* Try it *
Return the lines that run from the line containing "TIPPY TOP Lodge- Is" through the end of the entries, both ends included. Leave out all pictures.

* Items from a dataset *
────────────────

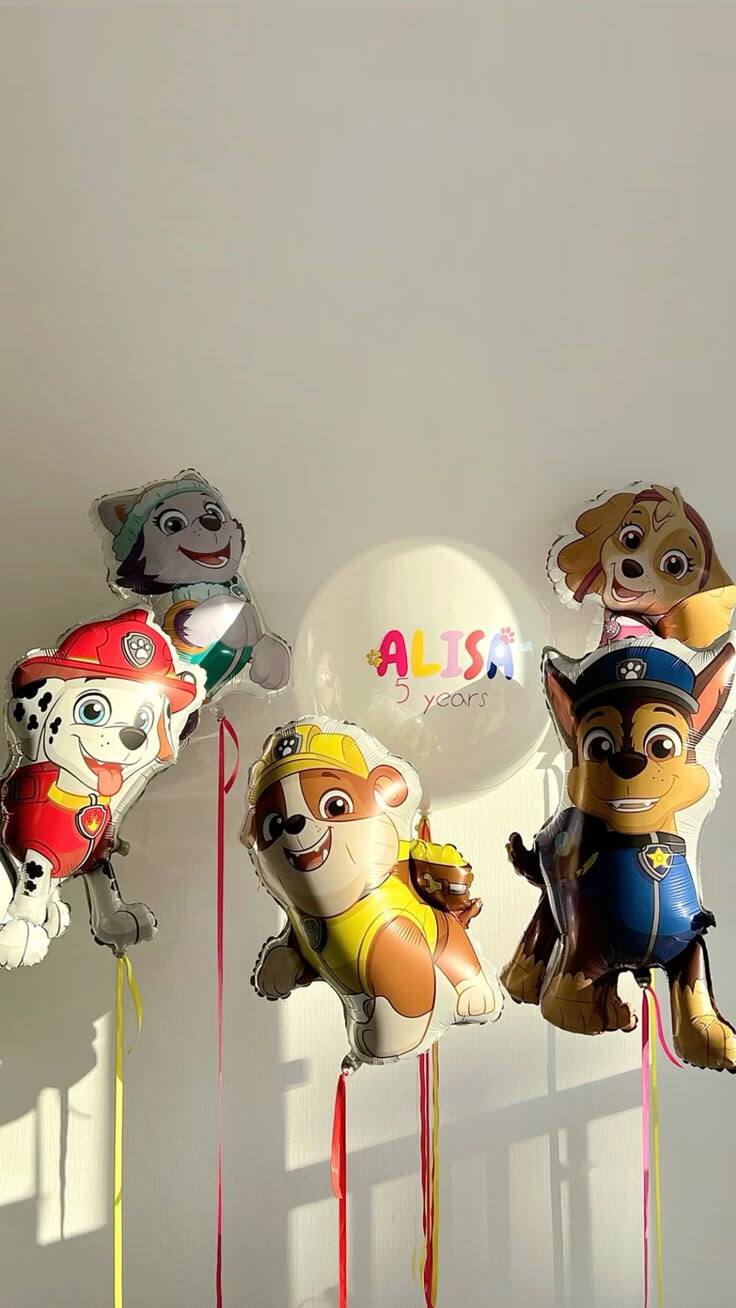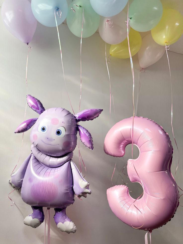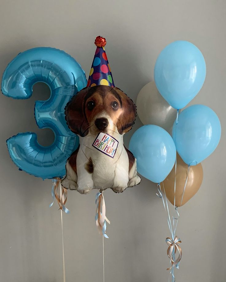 В стоимость входит Щенок 102 см на грузике, цифра на грузике, 5 пастельных шаров на грузике. Все шары на атласных лентах!
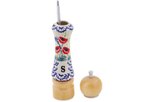 This Polish Pottery Salt Grinder is handmade and handpainted by the Manufaktura factory in Boleslawiec, Poland. Manufacturer item number H3057R. It is 8½" high and measures 2" by 2". The weight of this Salt Grinder is 0.5 lbs. It is part of the Poppies and Cornflowers Collection.
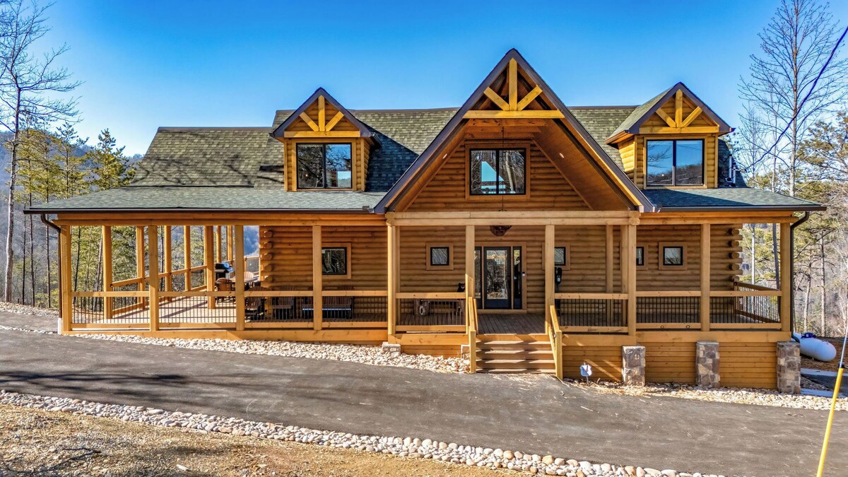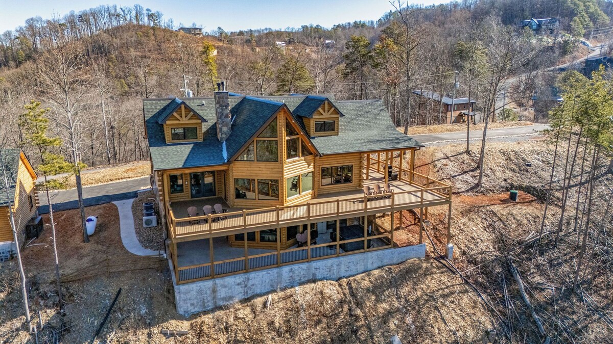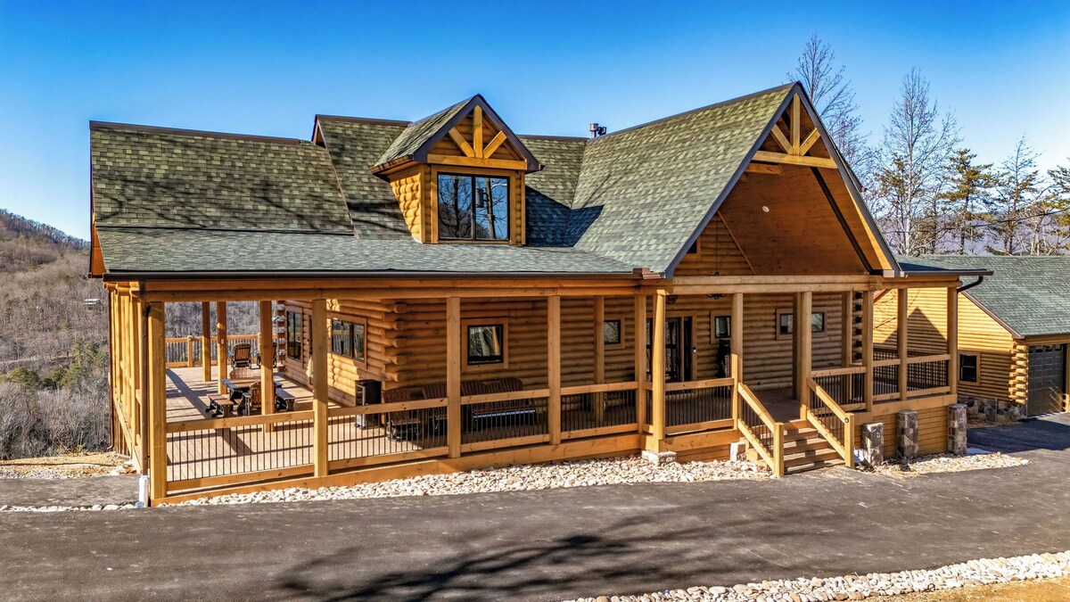 TIPPY TOP Lodge- Is a New Construction 4600 sq ft. cabin. A gorgeous tri-level (3) with wide porches on 2 levels. There are 6 bedrooms, 3. Full bathrooms, 2 half baths. A True Log custom built cabin located in Shagbark Resort, a guard gated community approx. 6 miles from the parkway at light #3 in Pigeon Forge. The views from the cabin are spectacular hence the name of the cabin. The lot that Tippy Top Lodge sits on is 3.5 acres on top of a ridge by itself, giving you great privacy. We are taking inquiries and bookings Now for reservations starting in August 2024. Be some of the first to stay in this Brand New Cabin. I look forward to working with you soon to make your stay a memorable at Tippy Top Lodge 2024 Rentals Are Created Equal\ ,
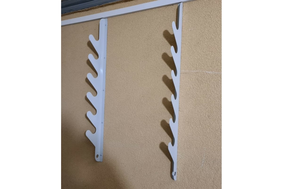 Держатель садового инструмента АВТОЭЛЕКТРИКА большой, серый 00-00000706 предназначен для хранения садового инвентаря и удочек. Крепится к стене с помощью саморезов и дюбелей, которые идут в комплекте.
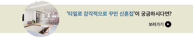 만약 5인 이상의 가족이라면 타일을 이용해서 주방과 거실 공간을 분리할 수도 있습니다. 가벽이나 파티션을 설치하지 않고도 화려한 패턴 타일로 간단하게 주방과 거실의 공간을 명확하게 분리하는 방법입니다!

────────────────

* Reply to the task *
 TIPPY TOP Lodge- Is a New Construction 4600 sq ft. cabin. A gorgeous tri-level (3) with wide porches on 2 levels. There are 6 bedrooms, 3. Full bathrooms, 2 half baths. A True Log custom built cabin located in Shagbark Resort, a guard gated community approx. 6 miles from the parkway at light #3 in Pigeon Forge. The views from the cabin are spectacular hence the name of the cabin. The lot that Tippy Top Lodge sits on is 3.5 acres on top of a ridge by itself, giving you great privacy. We are taking inquiries and bookings Now for reservations starting in August 2024. Be some of the first to stay in this Brand New Cabin. I look forward to working with you soon to make your stay a memorable at Tippy Top Lodge 2024 Rentals Are Created Equal\ ,
 Держатель садового инструмента АВТОЭЛЕКТРИКА большой, серый 00-00000706 предназначен для хранения садового инвентаря и удочек. Крепится к стене с помощью саморезов и дюбелей, которые идут в комплекте.
 만약 5인 이상의 가족이라면 타일을 이용해서 주방과 거실 공간을 분리할 수도 있습니다. 가벽이나 파티션을 설치하지 않고도 화려한 패턴 타일로 간단하게 주방과 거실의 공간을 명확하게 분리하는 방법입니다!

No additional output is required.